Tertiary institutions offer limited hands-on or ruminant-specific nutrition training, while existing professional development often centres on product knowledge rather than systems thinking. Interviewees repeatedly stressed the need for “standardised, practical, nutrition training” across the sector.
“In New Zealand, we don’t have a career pathway or an accreditation. The title nutritionist has no association to any formal training yet can hold huge implications on animals health or productivity and ultimately farm businesses.”
Nutrition as an Economic Lever
Kaitlin’s report makes a strong economic case for smarter feeding. Feeding strategies significantly influence feed conversion efficiency (FCE), a key driver of milk income over feed cost (IOFC), emissions intensity and overall farm profitability.
“Farmers or advisers may look at cost cutting without recognising the return on investment that comes from high quality feed.”

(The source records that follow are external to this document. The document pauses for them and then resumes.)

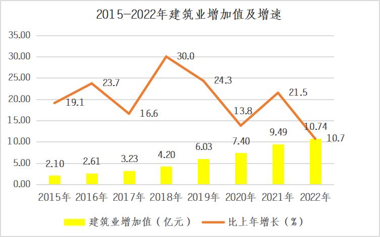 全县资质内本地建筑业企业完成建筑业总产值42.86亿元,比上年增长27.3%, 全年建筑业实现增加值10.74亿元,比上年增长10.7%。
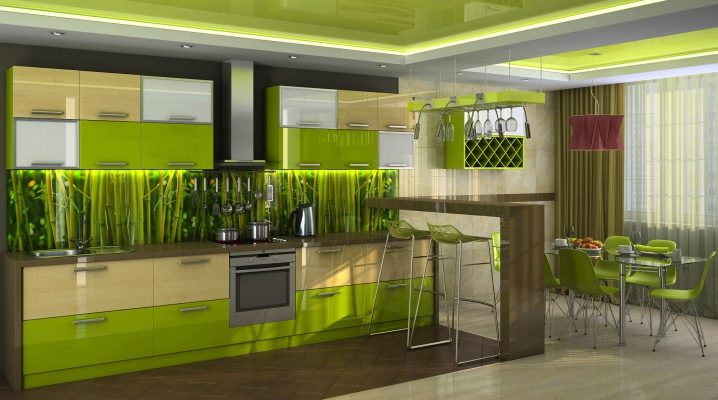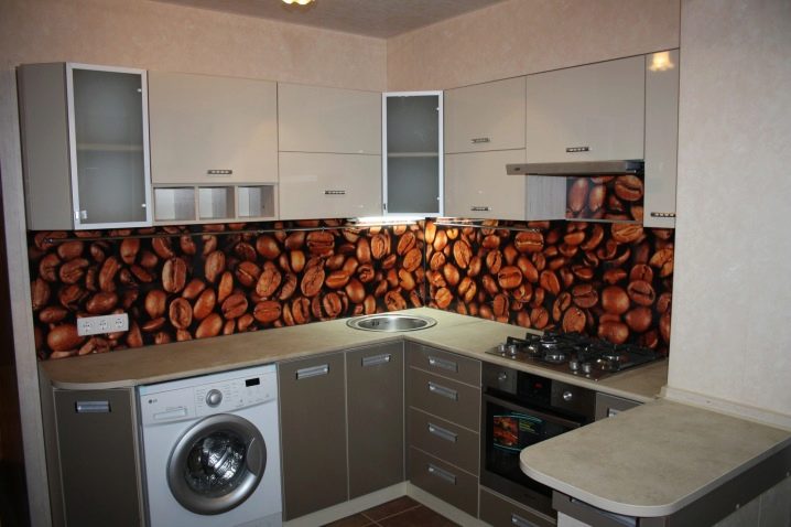 Неутралните и светли цветове помагат визуално да направят стаята по -просторна. За тази цел можете да изберете престилка в бежов, бял или кафеен нюанс. Също така цветът ще ви подхожда "капучино", която изглежда много лека и привлекателна в блясък.
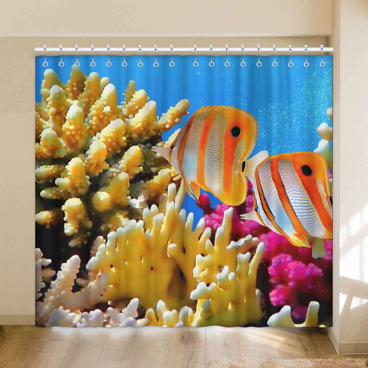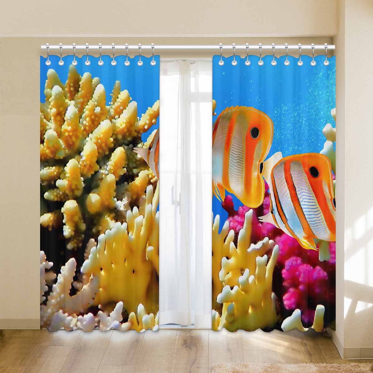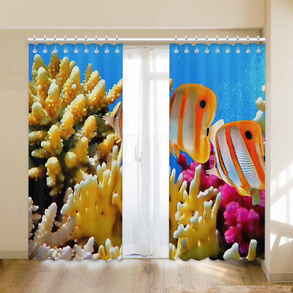 Seaworld Window Curtains print Coral reef and Copperband butterflyfish themed
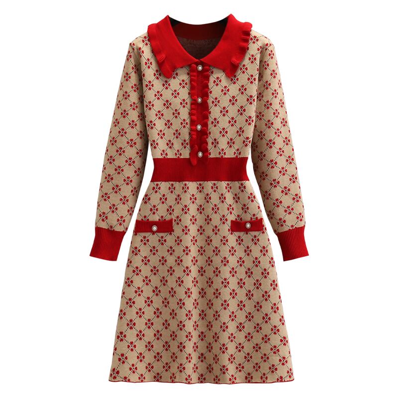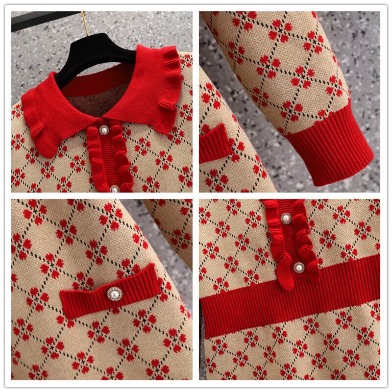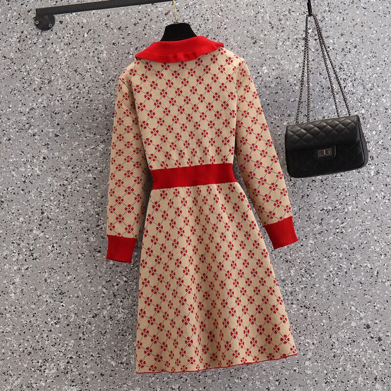 プラスサイズの婦人服 2023 脂肪姉妹春の新しい人形の襟薄いセータースカート中丈のニットドレスの女性 大きめサイズ スプリング 春物 8884124913996836

Many farms lack essential cow-level data like daily milk output and milk income over feed cost (IOFC), which hampers economic performance visibility and informed decision making. Integrated financial-nutritional advisory models to support this analysis such as the Dairy Victory Platform (DVP) could help farmers quantify the economic benefits of improved feeding decisions. The DVP uniquely calculates economic key performance indicators (KPI) at the cow and herd levels and benchmarks these against a dynamically selected cohort of farms, facilitating comparisons across various farm sizes, and milk production levels.
She calls for a sector-wide effort to revive and modernise the once-influential FeedRight programme, develop nationally recognised micro-credentials for nutrition advisors, and create cross-disciplinary advisory teams combining vets, agronomists, nutritionists and financial specialists.
A common theme emerged for Kaitlin while doing her Kellogg’s report – New Zealand does not need more information, it needs better integration.